"Stuck In A Moment", 616, 616 East Lincoln Avenue, Angel Eyes (2001), Battlestar Galactica, Captain Zimbabwe, Childhood, Cowardice, Crush #1, Cylon Attack, Domestic Violence, Fear, Maurice Eugene Washington, Maurice Washington, Memorial Day, My Mother, Nuclear Blast, Seventh Grade, Shock, Solar Flare
It’s Memorial Day ’12. It’s been thirty years since that fateful Memorial Day ’82. A part of me, the child that I was, still remains in that day, in the weeks and months before that day.
Little in my life in the previous three years bore a real resemblance to a carefree childhood. But I somehow managed to pretend my way through the three-year-period that included the birth of my younger brothers Maurice and Yiscoc, my idiot stepfather walking out with our food in October ’80, and the first year of the Hebrew-Israelite experiment (see my “Peanuts Land” post from last month).
The speed-of-light shockwave that was my love for Crush #1, and the interrelated turnaround of my grades
in the previous three months gave me a tenuous lifeline to what remained of my childhood self. Making it rain A’s in March, April and May that year reaffirmed the person I thought I was in sixth grade, despite the “Captain Zimbabwe” taunts that began from A and the Italian Club as we approached Memorial Day Weekend (see my post “The Legend of ‘Captain Zimbabwe’” from May ’09).
But the teetering and temporary bliss of grades and the crush on Crush #1 could only distract. They couldn’t delay, even as much as they helped me deny. They could in no way prepare me for the blinding light, the initial shockwave and heat, the full blast effect of what was coming.
It was 5 pm that Memorial Day Monday when it began.
“I’m sick and tired of you treating me this way. I’m sick of you not lovin’ me!,” my stepfather yelled.
“What do you mean ‘love you’?,” Mom said. “Most women wouldn’t even put up with your stinkin’ ass. And now you want more money for a business that I’m not even a part of? You must be kiddin’!”
Mom was on the phone in the master bedroom, while my stepfather yelled into the phone in the kitchen, back in the days when land-lines ruled the world. She picked up the bedroom phone because my stepfather had made a long-distance call to his wayward mother in California, at a time when we were seriously behind on paying the bill.
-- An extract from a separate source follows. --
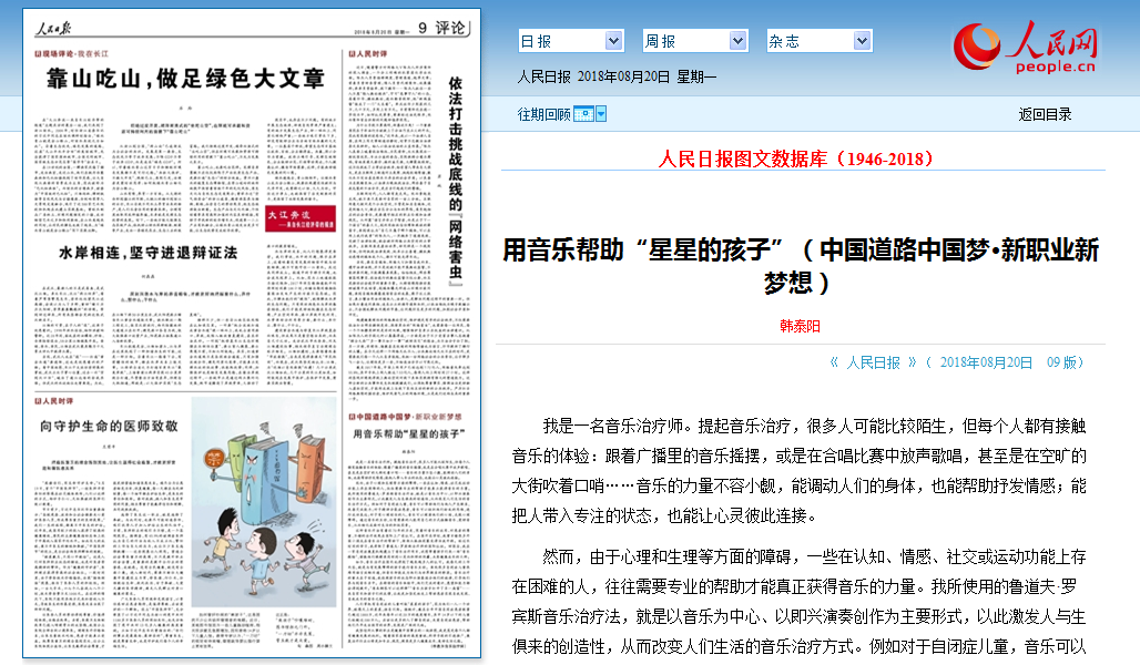 我是一名音乐治疗师。提起音乐治疗,很多人可能比较陌生,但每个人都有接触音乐的体验:跟着广播里的音乐摇摆,或是在合唱比赛中放声歌唱,甚至是在空旷的大街吹着口哨……音乐的力量不容小觑,能调动人们的身体,也能帮助抒发情感;能把人带入专注的状态,也能让心灵彼此连接。

I didn’t understand why he’d want to continue to talk to a woman who abandoned him as a baby to his relatives in Richmond, Virginia and Trenton, New Jersey in ’50. It seemed to me that Maurice was wasting time and money on a woman who cared for him as little as he cared for us.
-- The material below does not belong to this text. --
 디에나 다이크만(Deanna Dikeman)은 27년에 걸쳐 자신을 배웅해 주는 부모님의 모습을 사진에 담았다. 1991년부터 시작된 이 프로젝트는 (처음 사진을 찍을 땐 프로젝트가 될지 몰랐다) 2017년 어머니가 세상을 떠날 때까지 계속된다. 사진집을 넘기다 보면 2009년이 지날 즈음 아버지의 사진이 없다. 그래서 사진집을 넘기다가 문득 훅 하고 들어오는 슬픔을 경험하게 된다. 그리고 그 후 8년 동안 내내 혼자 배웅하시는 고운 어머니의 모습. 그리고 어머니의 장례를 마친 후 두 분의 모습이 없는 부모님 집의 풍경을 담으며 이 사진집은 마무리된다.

I was lying down on my bed across the hall from the master bedroom, trying my hardest not to pay any attention to the unfolding drama. With both of them yelling over the phone, though, I couldn’t block their argument out any longer. So I sat up in my bed — giving me a view from our room across the hall into Mom’s bedroom — and continued to listen.
This was one of many arguments over bills and my stepfather’s wack attempts to start a telecommunications business. He had used $2,500 of Mom’s precious money to get a New York State business license for “Sun-Lion Communications” (see my post “Dumb Ass Communications, Inc.” from March ’11 for more). Somehow, Mom’s $15,000-a-year income was supposed to be enough to feed six people and get a business off the ground floor? “Their arguments are insane,” I thought.
I usually could tune them out. But not this time, and not anytime since.
“Who you talkin’ to, bitch!,” Maurice yelped as he punched Mom in the jaw. He followed up with a kick to her stomach and a forearm that knocked her into the queen-sized bed. With each hit he shouted “Are you gonna gimme some respect, bitch!” A moment later, Maurice poured an industrial-sized bucket of water on Mom to wake her up, but that didn’t completely work.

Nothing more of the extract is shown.